The equation is stark: When you spare the true authors, while slaughtering the innocent, you inevitably forge a new and embittered generation, one that will strike back when it is able.
And if you also cause your principal benefactor to question the wisdom of continued support, you are going to put your security goal at risk.
From its inception Israel has pursued a ‘hard’ peace, relying on disproportionate response to deter enemy states. But this doctrine has left underlying grievances unresolved, and the doctrine’s bankruptcy is now laid bare:
- Attempts to “reestablish deterrence” will deter only the overt actions of state actors, not the constant drip drip drip of paramilitary forces that endanger Israelis and spread fear and anxiety.
- Israel was already experiencing a dramatic increase in out-migration before 7 October. Many of these emigrants take skills and capital that are core to the Israeli startup ecology — as well as their income tax receipts. If this trend accelerates the cumulative effect will be to erode the ability of the state to maintain services. Eventually it could result in a fiscal crisis, leading to more out-migration and more crisis.

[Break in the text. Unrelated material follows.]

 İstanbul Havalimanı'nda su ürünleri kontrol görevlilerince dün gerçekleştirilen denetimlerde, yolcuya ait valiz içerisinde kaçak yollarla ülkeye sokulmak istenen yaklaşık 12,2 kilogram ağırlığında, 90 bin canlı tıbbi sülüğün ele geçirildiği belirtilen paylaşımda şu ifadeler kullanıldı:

- Israel’s war in Gaza has put its peace with Jordan and Egypt at risk. Even if they don’t mobilize against Israel, they could quietly allow irregular forces to operate freely. This would triple Israel’s front line. Maintaining an active force posture would be geometrically more expensive. A constant mobilization of reserves to maintain elevated operations would sap the Israeli workforce and economy, cause business closures, increase dependence on outside aid, deepen the fiscal crisis, and drive more emigration.
- The gap between the capabilities of conventional and paramilitary forces is narrowing every year. If paramilitaries begin to wield modern man-portable anti-aircraft and anti-tank missiles, Israel’s traditional advantage may largely disappear.

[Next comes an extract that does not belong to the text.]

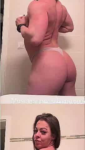 Big Beautiful Bodybuilder Rubs Oil on Her Muscles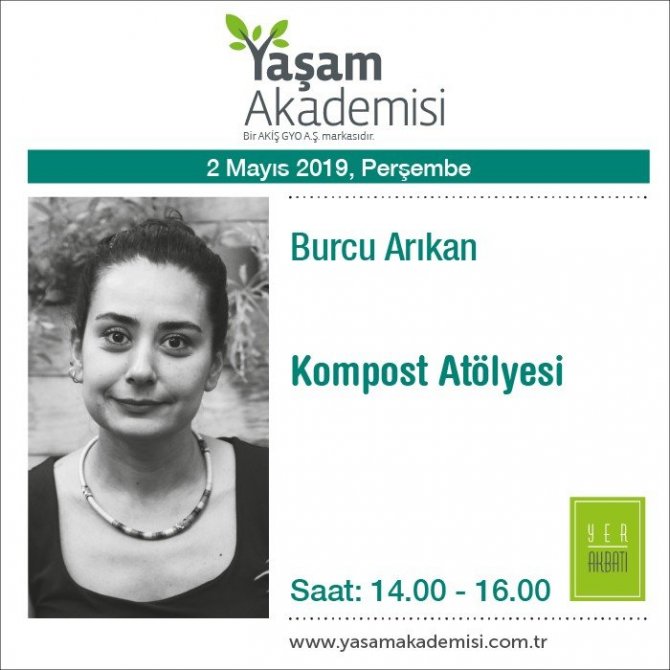 Doğal beslenmeyi lüks olmaktan çıkararak kentte yerel, organik ve damak tadına uygun besinlerin üretilmesi yönünde faaliyet gösteren Ek Biç Ye İç isimli ekibin üyesi Burcu Arıkan, Kompost Atölyesi ile yenebilir bir takım atıkların, ağaç, dal, yaprak parçalarının çürütülmesi, öğütülmesi sonucu elde edilen doğal gübre yapımını anlatacak. Bu gübreyle sebze, meyve ya da çiçek yetiştirirken kullandığınız toprak zenginleşiyor, toprağın iyi hava alabilmesi, işlenebilmesi kolaylaşıyor. Yaşam Akademisi kapsamındaki söyleşi, 2 Mayıs Perşembe günü gerçekleşecek.

- Perceptions of Israel are shifting within the US foreign policy establishment. Once seen as an asset Israel is now viewed by some as a strategic liability. If Israel comes to be perceived as a threat to vital US interests it will be a matter of only a few years at most before Israel is on its own.

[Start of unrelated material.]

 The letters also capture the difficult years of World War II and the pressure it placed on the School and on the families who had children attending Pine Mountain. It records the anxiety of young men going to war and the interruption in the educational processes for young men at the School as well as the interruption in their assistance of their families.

- Israel’s use of nuclear weapons in a dire scenario would only make its death rattle last a few more years.
This vicious cycle will only get worse with time. Israel’s entire approach to security must change fundamentally if this vicious cycle is to be reversed.
If the old security paradigm of security through suppression, of “maintaining deterrence”, has reached its limit, what can replace it?
Changing the paradigm: Security through peace
Wise leaders recognize that securing peace requires more than tactical military victories. It requires addressing the grievances of the defeated, or be forever locked into perpetual cycles of rebellion and repression.
Given different circumstances Palestinians would not hate Israelis and Jews. Instead, they would seek what most Israeli Jews desire — to live peacefully, pursue personal aspirations, build families, and savor life. Their grievances stem from the circumstances they find themselves in — a situation largely shaped by Israel.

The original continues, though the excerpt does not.